The Canadian Energy Strategy, which the provinces and territories agreed to in 2015, fills this gap by identifying concrete actions for energy sector climate resilience. In fact, one of its eight objectives involves “maintaining the highest degree of environmental safeguards and protection, including by addressing climate change, climate resilience and reducing greenhouse gas emissions globally”. The Strategy proposes specific actions in three categories: sustainability and conservation; technology and innovation; and delivering energy to people. For instance, it suggests integrating climate change implications and uncertainties into planning to ensure energy supply reliability for everyone.

Other national strategies also take energy sector climate resilience into consideration. The National Strategy for Critical Infrastructure and its 2018–2020 Action Plan for Critical Infrastructure cover energy and utilities as one of their key areas and highlight the increasing threat of climate change. In addition, the Joint United States-Canada Electric Grid Security and Resilience Strategy, which was developed to strengthen the security and resilience of the electricity grid, including to climate change impacts, discusses areas of collaboration for grid protection, response and recovery efforts, and the future of the electricity grid.
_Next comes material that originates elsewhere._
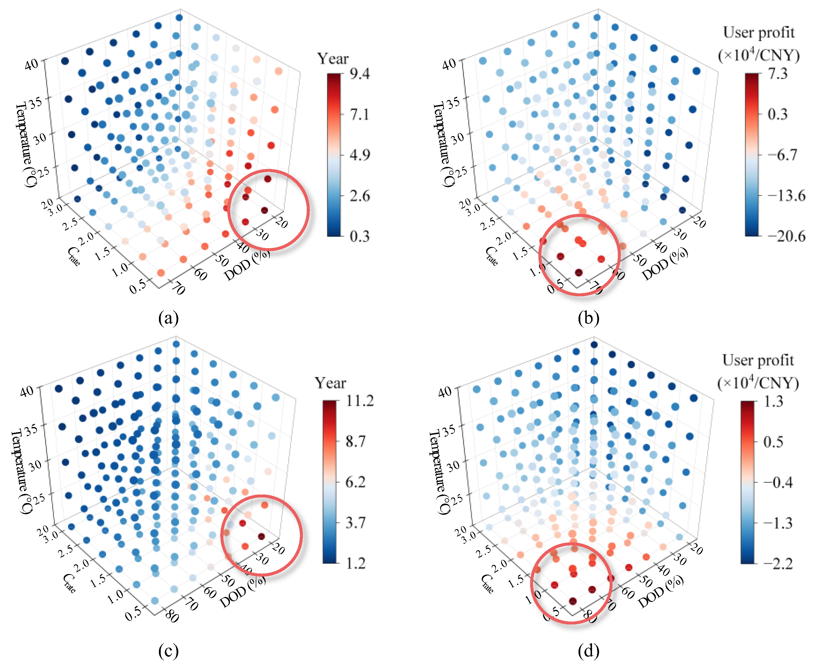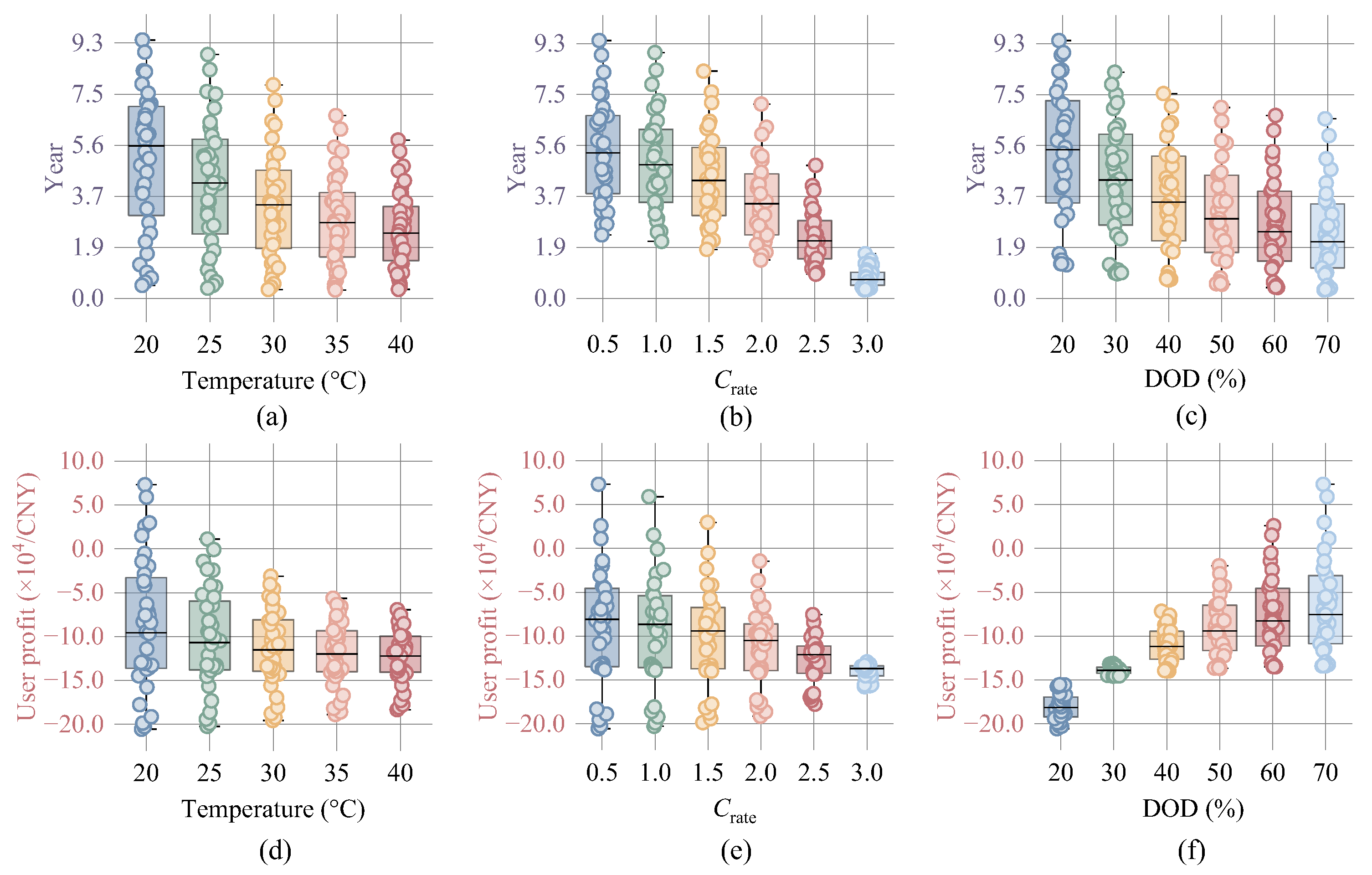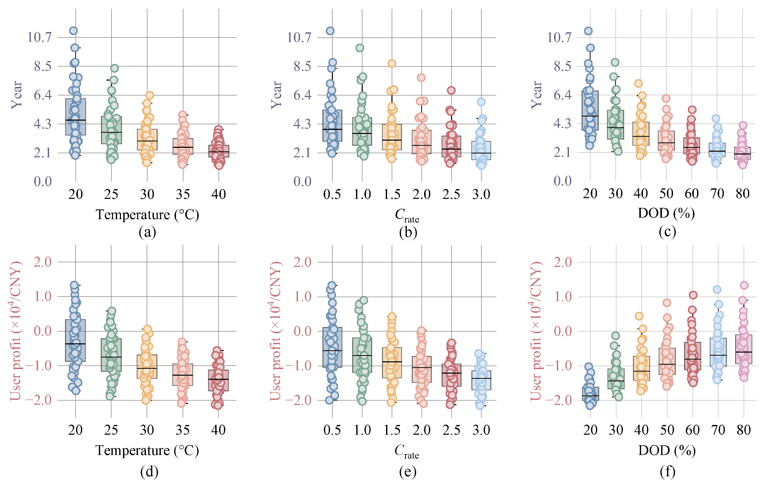 Crate increases from 0.5C to 3.0C, and discharge depth increases from 20% to 80%, service life decreases by 51.19%, 42.82%, and 62.43%, respectively. User net revenue decreases with higher ambient temperatures and increased

To support climate change adaptation and resilience activities, Canada provides several tools and databases. For instance, the Canadian Centre for Climate Services’ Library of Climate Resources and the Climate Services Support Desk provide links to climate datasets, tools, guidance and other related resources, while the Climate Change Impacts and Adaptation Division supports and creates several tools for adaptation risk assessments.

Furthermore, the Canadian Electricity Association (CEA) recently developed the guidance tool Climate Adaptation and Extreme Weather: A Guide to Adaptation Planning for Electricity Companies in Canada. Developed with and for CEA members, the guide provides information about climate impacts and risks as well adaptation measures and ways to evaluate them, with a focus on measurement and continuous improvement. It also presents best practices for adapting critical electricity infrastructure to climate change.

In addition, Canada’s National Assessment Process has produced a series of climate change impact and adaptation assessments that investigate how and why Canada’s climate is changing; the impacts of these changes on communities, the environment and the economy; and how Canada is adapting. The government’s recently released National Issues Report highlights how climate change is already affecting all sectors, and how these impacts will persist and – in most cases – intensify. For the energy sector, changes in climate, such as rising temperatures, shifting precipitation patterns, thawing permafrost and sea ice, and extreme weather events affect energy demand and the entire energy value chain, from exploration and production to transmission and distribution. The report also discusses adaptation approaches to reduce associated risks.

Other reports including the 2019 Canada’s Changing Climate Report, Canada in a Changing Climate: Sector Perspectives on Impacts and Adaptation (2014) and From Impacts to Adaptation: Canada in a Changing Climate (2008) are available in interactive online formats or as PDFs through the Natural Resources Canada webpage. 

References
  1. During 2081-2100 compared to 1986-2005, under a RCP2.6 scenario.

  2. During 2081-2100 compared to 1986-2005, under a RCP8.5 scenario.

  3. RCP8.5 scenario.

  4. Storm indicates any disturbed state of the atmosphere, strongly implying destructive and unpleasant weather. Storms range in scale. Tropical cyclone is the general term for a strong, cyclonic-scale disturbance that originates over tropical oceans. In this article, we used these general terms, tropical cyclones and storms, but those can be divided into different categories in detail. A tropical storm is a tropical cyclone with one-minute average surface winds between 18 and 32 m/s. Beyond 32 m/s, a tropical cyclone is called hurricane, typhoon, or cyclone depending on the geographic location. Hurricanes refer to the high intensity cyclones that form in the south Atlantic, central North Pacific, and eastern North Pacific; typhoons in the northwest Pacific; and the more general term cyclone in the South Pacific and Indian ocean.